Put my new solid link, PU bracelet from TSS, on today.

Is it "too much", or just cool?



















Thanks for looking!

Salmonia


----------



## PhilM (Nov 5, 2004)

Now that is nice  strap really goes well with the Mirage especially as the black matches the bezel really shows the watch off 

I want one


----------



## jasonm (Nov 22, 2003)

Me too









Why havent I got one allready?









It would look really good on the PVD '20 I think.....


----------



## Ironpants (Jul 1, 2005)

Just been looking at one of these for my RLTag due to the ease of getting it down to 18mm and the step out to the wider strap I thought might match the case shape.









I think it is too much for the Mirage though, sorry







.

Toby


----------



## PhilM (Nov 5, 2004)

jasonm said:


> Me too
> 
> 
> 
> ...


Buy one and I can borrow yours









But then again you have a 24


----------



## quoll (Apr 20, 2006)

Each to his own, but that is too much for me Salmonia! Nice bracelet, but not on this watch IMHO.

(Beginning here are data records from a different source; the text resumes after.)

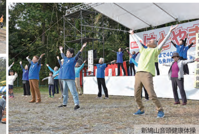
新鳩山音頭健康体操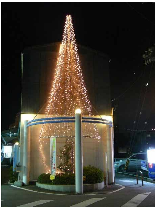
(寺田駅西口のイルミネーション)

冬の寒空の寺田駅前を明るく暖かく照らしたい！そういう思いで始めた駅前のイルミネーションも今年で6回目となりました。11月末から協議会会員で駅前にイルミネーションを飾り付け、12月から約2ヶ月間、夜の寺田駅前を明るく照らしました。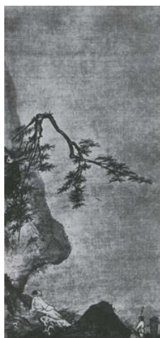
Ма Юань. Лунный свет. Живопись тушью на шелке. XII-XIII вв.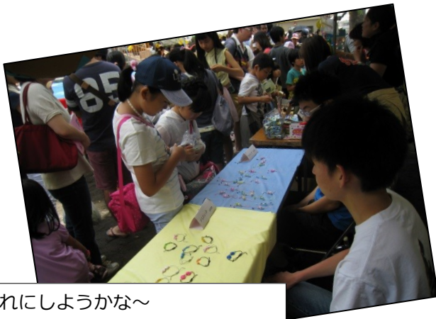
どれにしようかな～ 中高生による手作り小物屋さん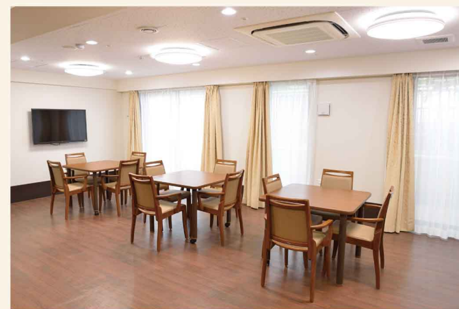
外光を多く取り入れた集会室(1F)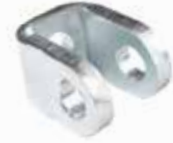
Yan Gergi Çatalı ЗАХВАТ НАПРЯЖЕНИЯ 240 С БОЛТОМ 240 SIDE TENSION FORK BOLTED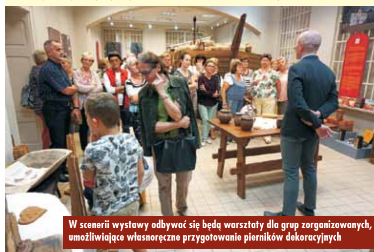
W scenarii wystawy odbywać się będą warsztaty dla grup zorganizowanych, umożliwiające własnoręczne przygotowanie pierników dekoracyjnych

zeum Toruńskiego Piernika (Oddział Muzeum Okręgowego w Toruniu).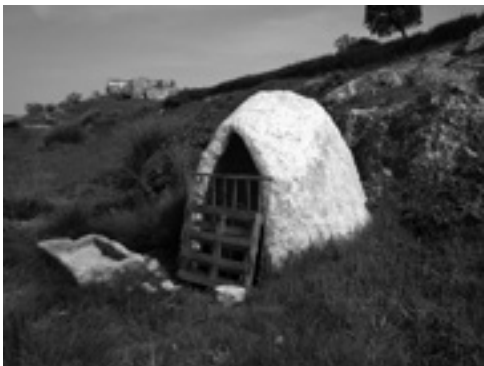
Lám. XVIII. Pozo Cortijo la Higuera.

En el primer tercio del pasado siglo XX, bajo la dictadura de Primo de Rivera, ocupando el Ministerio de Fomento D. Rafael Benjumea (conde de Guadalhorce), se acometió una gran obra pública o línea de ferrocarril que discurría por la sierra gaditana desde Jerez de la Frontera hasta Almargen, siguiendo el trazado por la zona noroeste de Cañete la Real. Tal obra no llegó a concluirse, aunque se realizaron diversas construcciones tipo túneles, pilas de puente (sobre el río Corbones), etc., que se conservan en el municipio (lám. XX).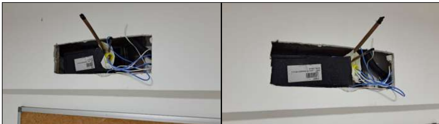
Imagem 1: Sala do administrativo - Instalação interna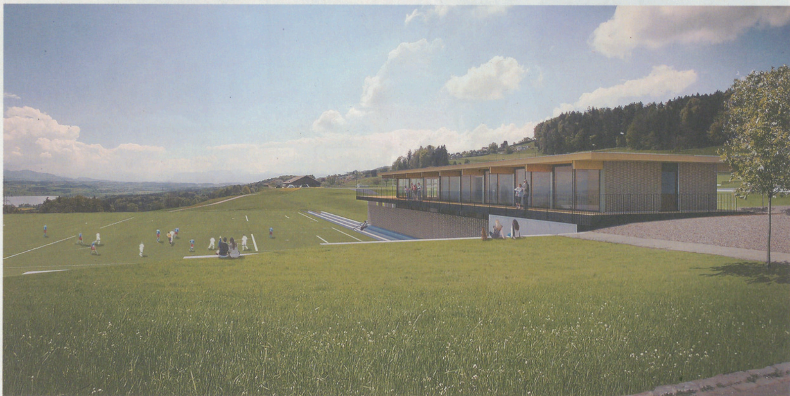
Visualisierung des geplanten Kunstrasenspielfelds mit der Option Vereinshaus.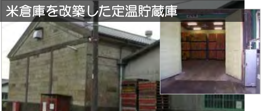
米倉庫を改築した定温貯蔵庫

H17年からキュアリング定温貯蔵庫の建設に着手！ 安定した品質で周年計画出荷が可能となり、価格が安定、規模拡大が実現！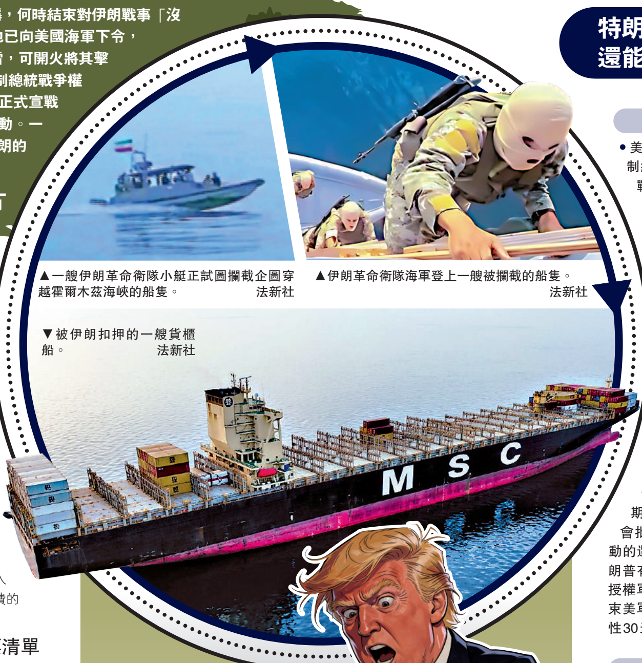
▲一艘伊朗革命衛隊小艇正試圖攔截企圖穿越霍爾木茲海峽的船隻。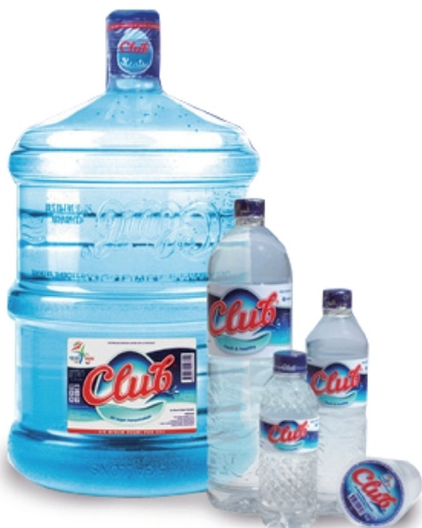
※画像はイメージで、実際の商品とは異なる場合があります

バリ島は、東南アジアのインドネシア共和国に属する島で、首都ジャカルタのあるジャワ島のすぐ東側に位置する島です。特にクラブウォーターの採水地であるバリ州南西部では、緑にあふれる土地になっています。クラブウォーターは、そのバリの雄大な自然の地下150メートルから汲み上げた天然のミネラルウォーターを最新鋭の機器にて不純物を濾過してボトルングしてお届けしております。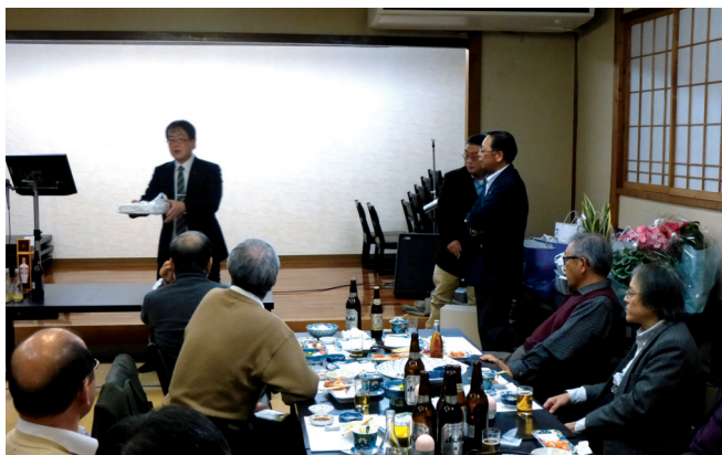
オークション風景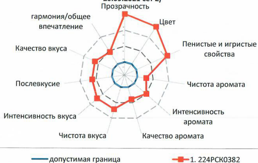
Рис.2.1. Сравнение качества образцов вина игристого (дегустиация 20.09.2021 сет 2)

Протокол не может быть воспроизведен полностью или частично без письменного разрешения Руководителя Сенсорной лаборатории.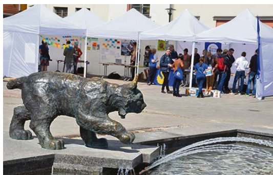
Lai iepazīstinātu jauniešus un citus interesentus ar Eiropas Savienības sniegtajām iespējām, Vecpilsētas laukumā ar dažādām aktivitātēm 8. maijā tika atzīmēta Eiropas diena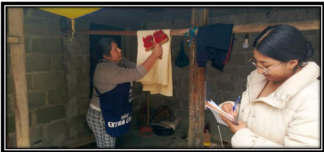
Cerdón, para sacar sobrantes de lana y hacer más sedosa el tejido.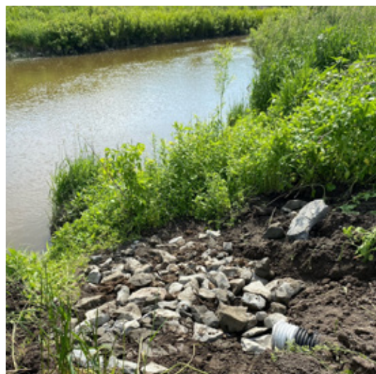
Exutoire des drains agricoles à la rivière L'Acadie.

Enfin, des travaux de forage d'un puits ont été réalisés pour permettre l'installation d'un système d'irrigation nécessaire au démarrage d'une petite exploitation maraîchère sur une partie du site. Malheureusement, ce forage n'a pu permettre de trouver de l'eau, ce qui a remis en question ce projet.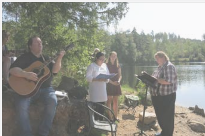
En underbar stund med sång och bön.

En fin dag att minnas, med det gemensamma evighetsperspektivet som bärande vision! ■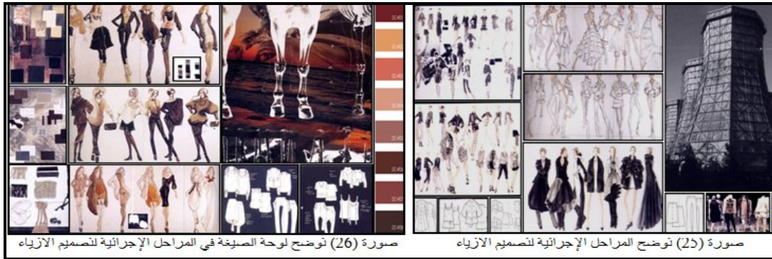
صورة (26) توضح لوحة الصيغة في المراحل الإجرائية لتصميم الأزياء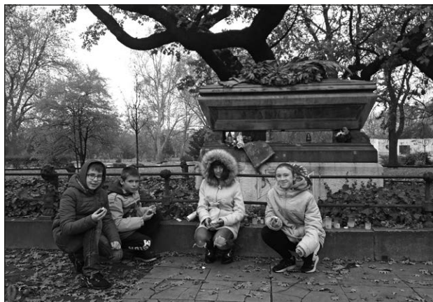
Arany János – tölgyek alatt nyugszik

ágyúöntő műhelye, és fegyverbemutató keltette fel az érdeklődésüket.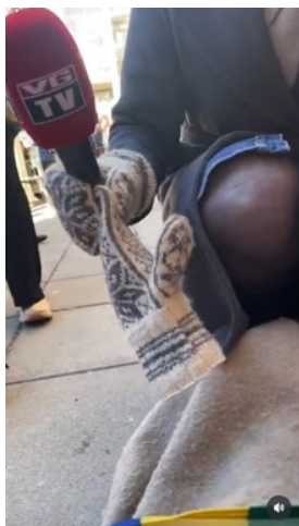
Kuva 6. Kuvakaappaus toimittajasta (NSR Nuorat 2023)

Toiminnallaan Fosenin puolustajat pyrkivät täydentämään valtamedian luomaa narratiivia sisällyttämällä oman näkökulmansa mediaesityksiin. Valtamedian luomaa representaatiota he täydentävät myös tuottamalla itse sisältöä sosiaaliseen mediaan. Fosenin puolustajien kuvaamat sisällöt tarjosivat näkökulman tapahtumien keskeltä. Kuvat 6 ja 7 ovat kuvakaappauksia sisällöistä, joissa he esittivät oman näkökulmansa median huomion kohteena olemisesta. Aineistossa toimittajat esitettiin "point of view"-sisällössä, jossa haastattelijat sekä valokuvaajat olivat kuvauksen kohteita (NSR Nuorat 2023f; 2023i). Fosenin puolustajat luovat vastanarratiivia kuvaamalla tapahtumia istumaprotestin keskeltä. Kääntämällä kuvaajan (subjektin) ja kuvauksen kohteena (objektin) olevien roolit toisin päin nuoret saamelaiset muokkaavat mielenosoittajien ja toimittajien suhteen merkityksiä.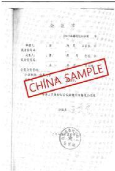
<中国亲属关系证明公证书>

出生证明和家族关系证明 (如果原件不是英文则需要附加翻译件) Birth certificate

My bracelet from Roy has arrived - I reckon they look best on that.


----------



## salmonia (Apr 25, 2006)

quoll said:


> Each to his own, but that is too much for me Salmonia! Nice bracelet, but not on this watch IMHO.
> 
> My bracelet from Roy has arrived - I reckon they look best on that.


agree with you quoll......bracelet is back on.........


















cheers,

salmonia


----------



## James (Jul 17, 2006)

nice piece!


----------



## ESL (Jan 27, 2004)

salmonia said:


> quoll said:
> 
> 
> > Each to his own, but that is too much for me Salmonia! Nice bracelet, but not on this watch IMHO.
> ...


Now THAT is COOL!!!

Didn't go for the plastic link one. Nice - but not on a Mirage.


----------



## mach 0.0013137 (Jan 10, 2005)

ESL said:


> salmonia said:
> 
> 
> > quoll said:
> ...


Same here, I like the PU but the metal really suits the Mirage


----------



## Bareges (Aug 18, 2005)

salmonia said:


> Put my new solid link, PU bracelet from TSS, on today.
> 
> Is it "too much", or just cool?
> 
> ...


Have to agree with the others looks much better back on the bracelet (and I generally don't like bracelets, not to wear anyway!!).

I have one of those rather nice PU straps but it lives on a titanium Citizen diver which seems the right place for it.


----------